Johns Hopkins med students learn their residency destinations on Match Day

The wait is over for 124 students who will soon graduate from the Johns Hopkins University School of Medicine. Today at noon, they opened the envelopes that let them know where they will spend the next chapter of their lives.

Image caption: Kimberley Lee (left)

Image credit: Keith Weller

Johns Hopkins' annual Match Day celebration took place on the second floor of the Anne and Mike Armstrong Medical Education Building in East Baltimore. The students, along with family members, friends, and mentors, gathered for a brief program leading up to the dramatic moment when students learned which hospital and specialty program has accepted them for their residency. A similar scene unfolded simultaneously at medical schools across the country.

This year, the top five specialty selections for Johns Hopkins students who applied to be matched are internal medicine, surgery, pediatrics, anesthesiology, and psychiatry.

Kimberley Lee, the first in her family to go to college, always dreamed about coming to Johns Hopkins for medical school, even while in her native Jamaica.

Now, she's staying in the Johns Hopkins family for a residency at Johns Hopkins Bayview Medical Center (her top choice) focused on internal medicine. She plans to be an oncologist and has an interest in helping patients during end-of-life care.

"The impact you can have on an individual or family is overwhelming," she says. "You put on this white coat and people trust you, people listen to your advice."

Of the 124 students, 42 were matched with Johns Hopkins affiliated hospitals.

Prior to Match Day, students complete paperwork and on-site interviews with hospitals, then provide a ranked list of their top choices. Hospitals submit a similar list indicating openings, preferred students, and specialty or generalist preferences. Each applicant is matched via computer algorithm to the hospital residency program that is highest on the applicant's list and has offered the applicant a position. Johns Hopkins students are often matched with their first- or second-choice sites.

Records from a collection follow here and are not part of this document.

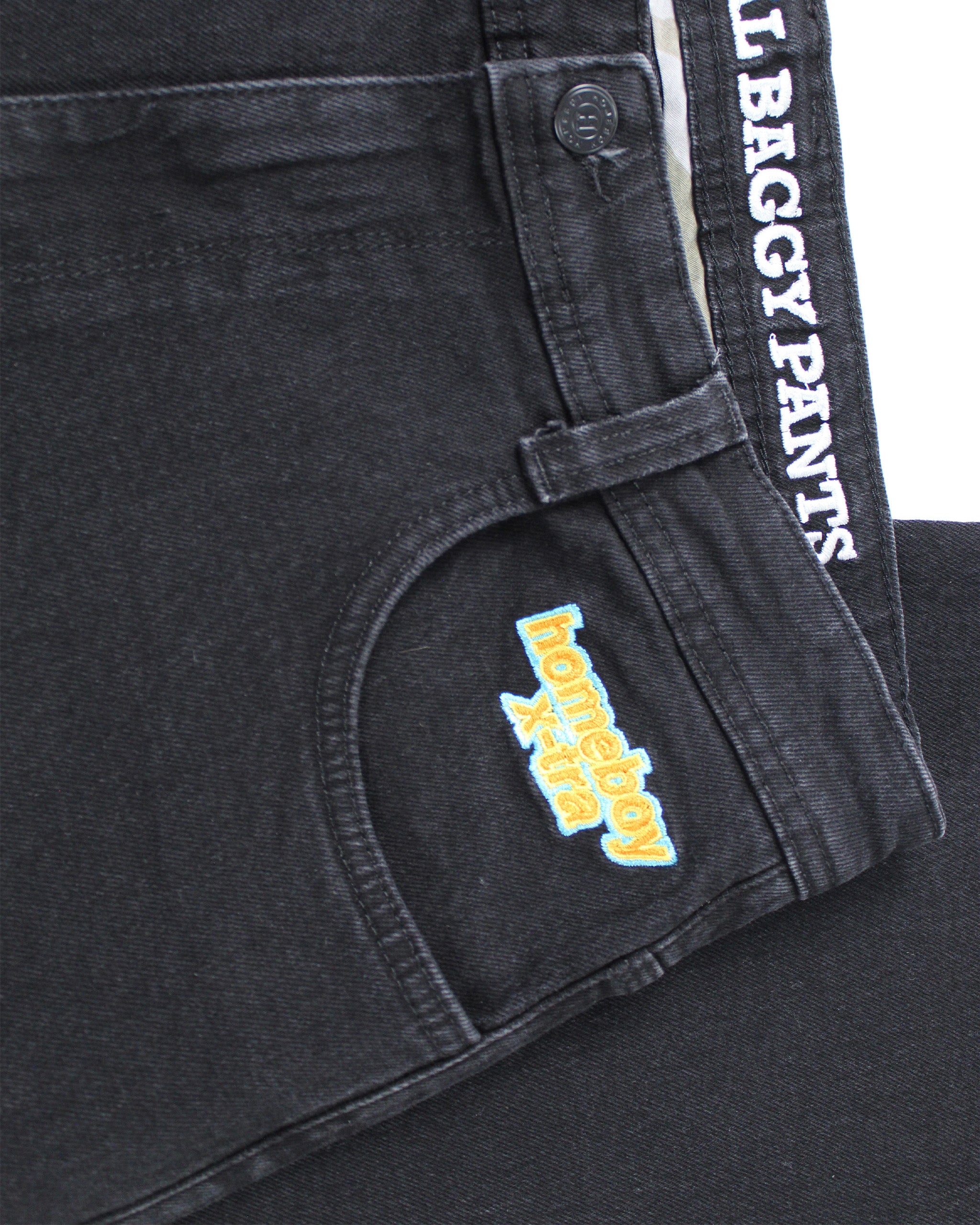 Our baggy jeans have a classic vintage look, as we faithfully reproduced the key details from the '90s. These include the multicolored "homeboy x-tra" embroidery under the waistband, the rainbow fly tab, and the X embroidery on the back pocket. The back pocket is also cut a bit lower, just like back then, giving the pants an additional loose-fit look.
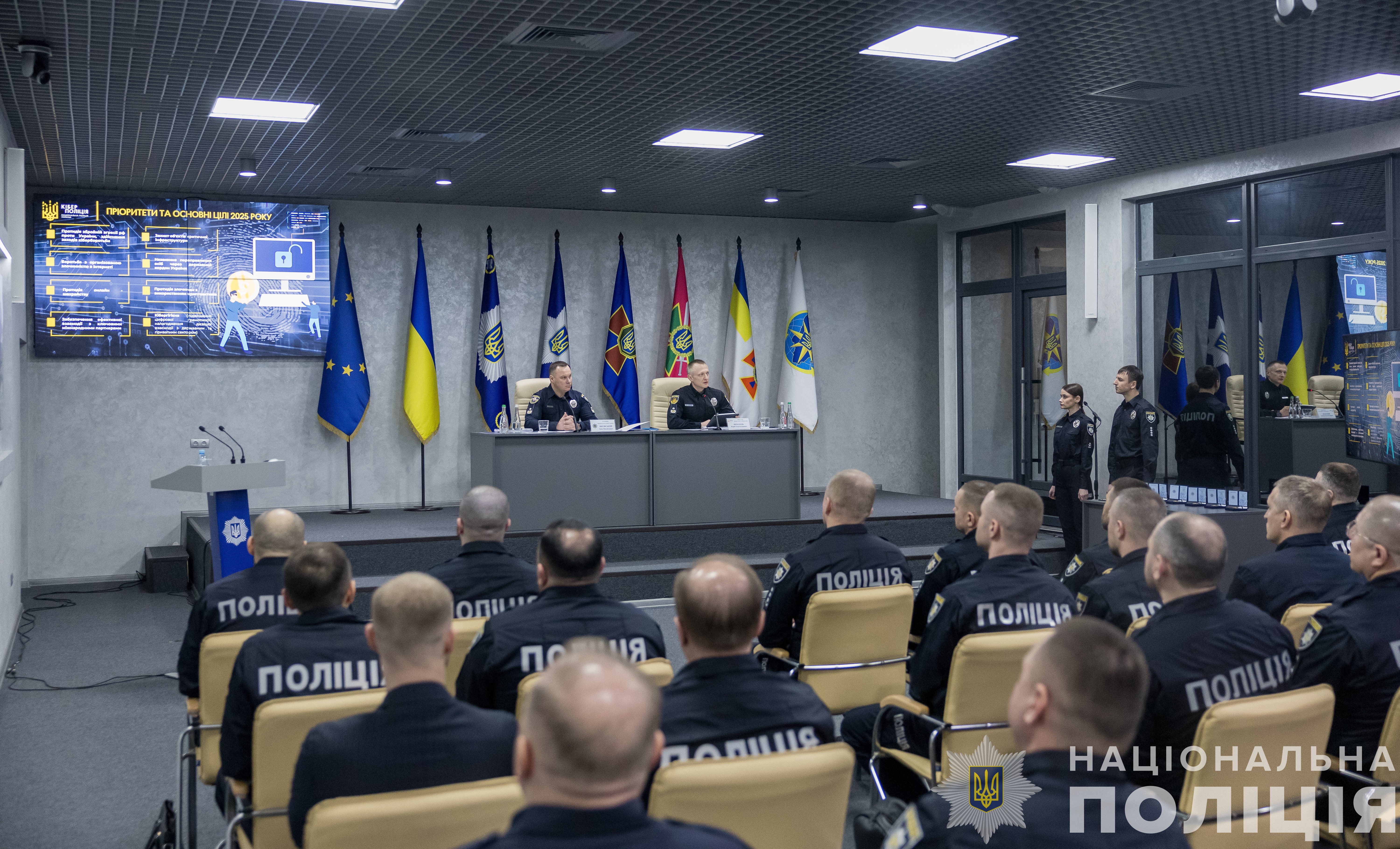 За результатами підсумків роботи Голова Нацполіції Іван Вигівський нагородив кращих співробітників Департаменту та обласних управлінь кіберполіції відомчими нагородами та спеціальними званнями.
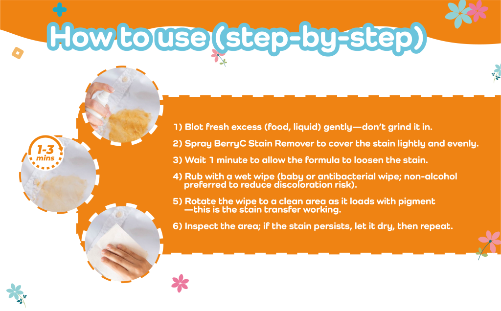 BerryC Stain Remover is a smart, plant-based spot cleaner for organic stains. It works by stain transfer, which means you must spray, wait one minute, and rub with a proper wet wipe so the stain moves from fabric to wipe. It’s not a replacement for laundry or dry cleaning, not a miracle formula that erases every mark, and it has clear limits on dyes, engine oil, and other inorganic stains. Use it quickly after a spill to prevent permanent set-in; expect excellent results on fresh stains and meaningful improvement on old ones (often 80–90%). Choose non-alcohol wet wipes, follow care labels, and finish with a normal wash.
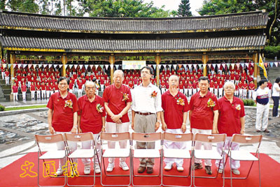 ■北區民政專員黃宗殷(中)、文仁會長、李江海主席等與近千名長者面向國旗肅立。
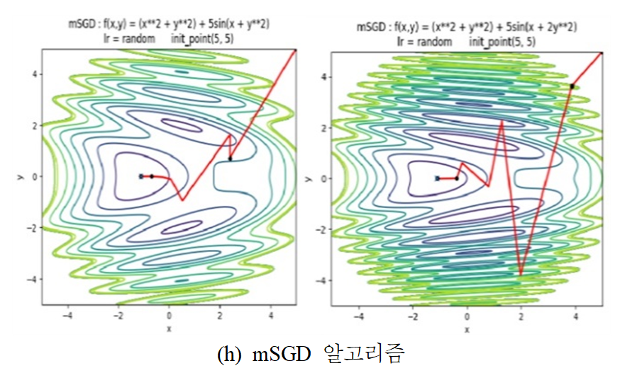 사용하였다. 따라서 그림 2의 우측 그림들은 대부분의 최적화 알고리즘의 수렴 성능이 좌측 그림에 비해서 떨어지는 것을 볼 수 있는데, (b) Momentum 알고리즘, (c)
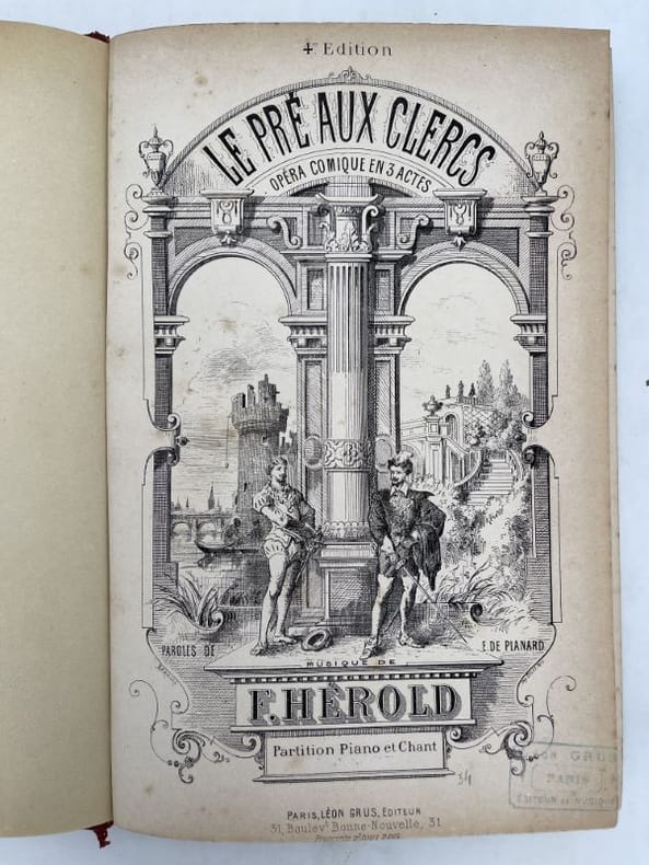 Paris, Léon Grus vers Paris, Léon Grus vers 1890 . In-4 relié demi basane rouge, dos à fleurons et titre dorés. 267 pages. Partition piano et chant. Paroles de E de PLAGNARD.
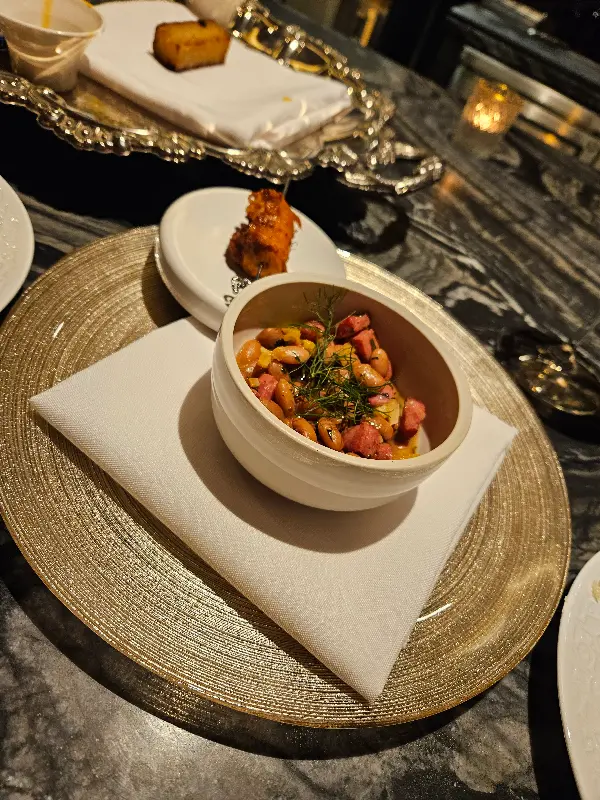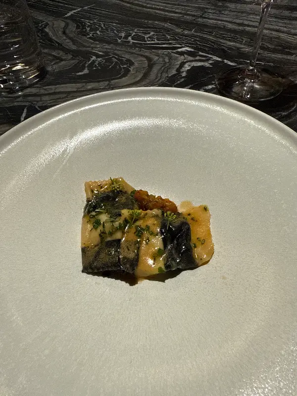 드디어 첫 번째 요리가 나왔습니다. 마치 검은 보석처럼 빛나는 ‘검은 계란’은, 시각적인 아름다움은 물론, 입안 가득 퍼지는 풍미로 감탄을 자아냈습니다. 톡 터지는 노른자의 고소함과 부드러운 흰자의 조화는, 그야말로 환상적이었습니다. 신선한 야채와 허브가 곁들여져, 풍성한 맛과 향을 더했습니다.
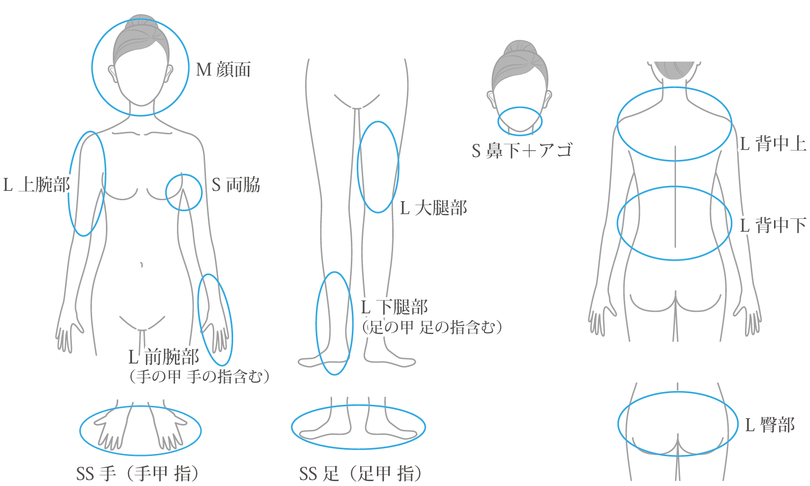 全身(両脇 膝下 肘下 背中上下)
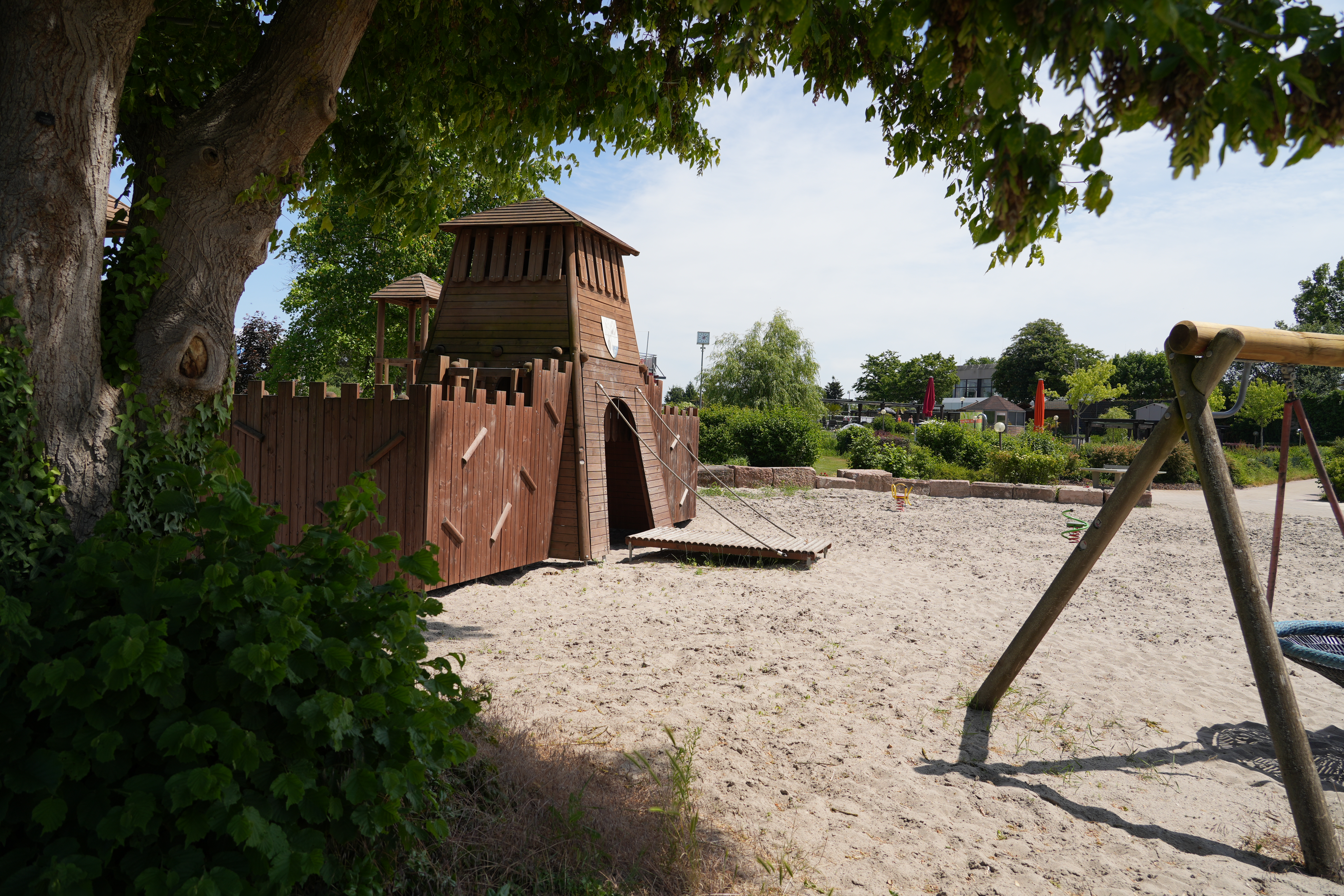 Auch auf dem Trockenen bietet das Freibad seinen Gästen abwechslungsreiche Möglichkeiten. Die große Liegewiese bietet ausreichend Schatten- und Sonnenplätze, um sich zu entspannen. Ein großer Spielplatz mit verschiedenen Spielgeräten sowie einer hölzernen Ritterburg lässt Kinderherzen höherschlagen und bietet Raum für viel Fantasie und Spielspaß. Ein Beachvolleyballfeld lädt Hobbysportlerinnen und Hobbysportler zu kleinen und großen Volleyballpartien ein. Abgerundet wird das Angebot des Freizeitbades mit Snack und Getränkeangeboten.
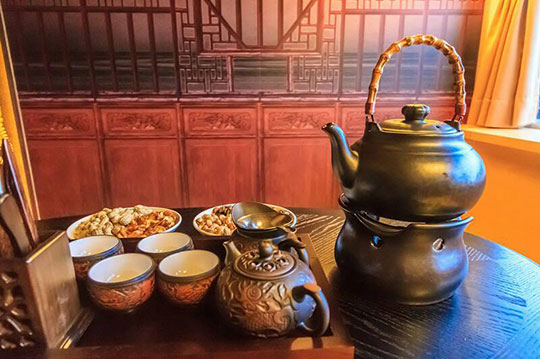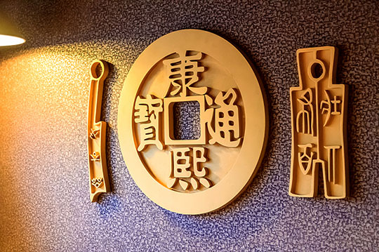 以黃金主題為設計發想、傳統錢莊為妝點佈置背景,創意呈現頗具禪意的傳統中國風「黃金錢莊」主題場景。

The National Resident Matching Program was started in 1952 with the goal of maximizing happiness by matching the top choices of both residency programs and medical students to ensure universal satisfaction. The program calls its method the "Algorithm of Happiness." According to the program's website, in 2013, a record 40,335 people applied for residencies in the United States through the program, and the program filled 99.4 percent of available residency positions.